Maumere, Ekorantt.com – Minggu 3 November 2024 sekitar pukul 23.00 Wita. Sebagian warga Desa Klatanto di Kecamatan Wulanggitang, Kabupaten Flores Timur, Pulau Flores sudah lelap dalam tidur.
Petrus Muda, di rumahnya, merasa haus membuat kerongkongan kering. Ia mengambil segelas air putih melegakan kerongkongan.
Guntur dan kilat sambar menyambar. Petrus tak lekas kembali ke tempat tidur. Dia mengambil sebatang rokok putih membakar dan mengisapnya.
Rokok belum habis diisapnya, dentuman besar menimpa kamar mandi dan WC.
Sebongkah batu besar meluncur dari Gunung Lewotobi Laki-laki memorak-porandakan kamar mandi dan WC hingga rata dengan tanah.
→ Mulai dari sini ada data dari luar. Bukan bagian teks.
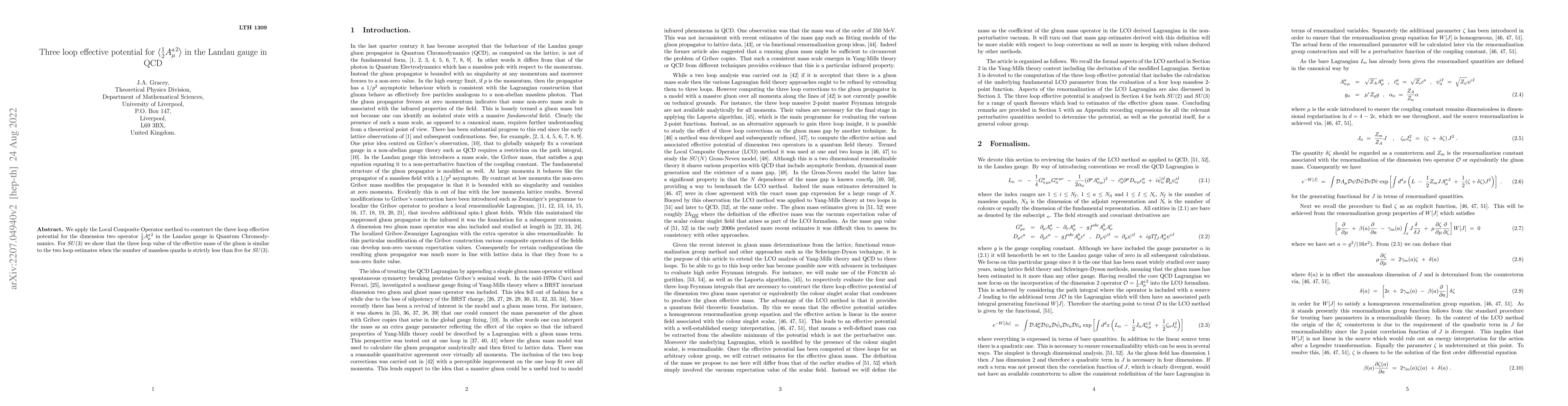 We apply the Local Composite Operator method to construct the three loop effective potential for the dimension two operator $\frac{1}{2} { A_\mu^a }^2$ in the Landau gauge in Quantum Chromodynamics. For $SU(3)$ we show that the three loop value of the effective mass of the gluon is similar to the two loop estimates when the number of massless quarks is strictly less than five for $SU(3)$.

Suara terjangan batu itu membangunkan istri dan anak-anak Petrus. Mereka hendak lari keluar dari kamar tidur. Petrus mencegah mereka tak boleh keluar.
“Itu (letusan) kejadian mungkin kurang 3 menit jam 12 (24.00 Wita),” kisah Petrus Muda tentang letusan Gunung Lewotobi Laki-laki, dihubungi Ekora NTT pada Selasa pagi, 5 November 2024.
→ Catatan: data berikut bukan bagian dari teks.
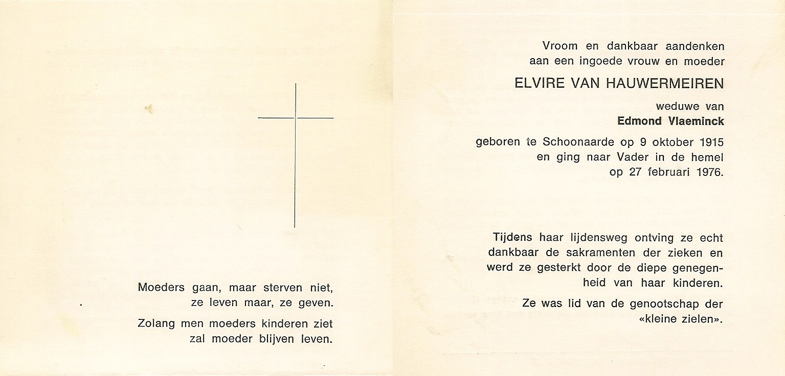 Overlijden van moeder | Elvire Van Hauwermeiren 27 februari 1976 |

Tak berselang lama, terjangan batu yang menerpa kamar mandi, meluncur batu kedua menerjang bangunan dapur.
“Batuan pijar. Saya lihat ke dapur menyala. Terus saya, istri dan anak, kami lari ke arah jalan aspal (Jalan Trans Flores, Maumere ke Larantuka) depan eks pabrik kopi. Saya teriak membangunkan orang-orang yang bisa dengar suara saya,” kata Petrus.
Situasi malam itu sangat mencekam. Kocar-kacir. Semua orang panik berlari menyelamatkan diri. Mereka menjauh mencari lokasi yang nyaman.
Petrus Muda minta tolong kepada Benya Kobun, warga setempat yang memiliki mobil supaya mengangkut warga menuju ke Boru.
Seorang anak muda (korban meninggal), Yohanes Witin lari ke luar rumah. Kakinya terkena pijaran batu sangat panas membuatnya tak berdaya.
Petrus Muda mengaku dirinya juga kebanyakan warga tak membayangkan atau tahu ada tanda-tanda alam akan datang letusan besar Gunung Lewotobi pada Minggu malam atau Senin dini hari.
Hanya guntur dan kilat terjadi silih berganti. Mungkin pada saat itulah terjadi letusan di gunung bersamaan hujan, guntur, dan kilat.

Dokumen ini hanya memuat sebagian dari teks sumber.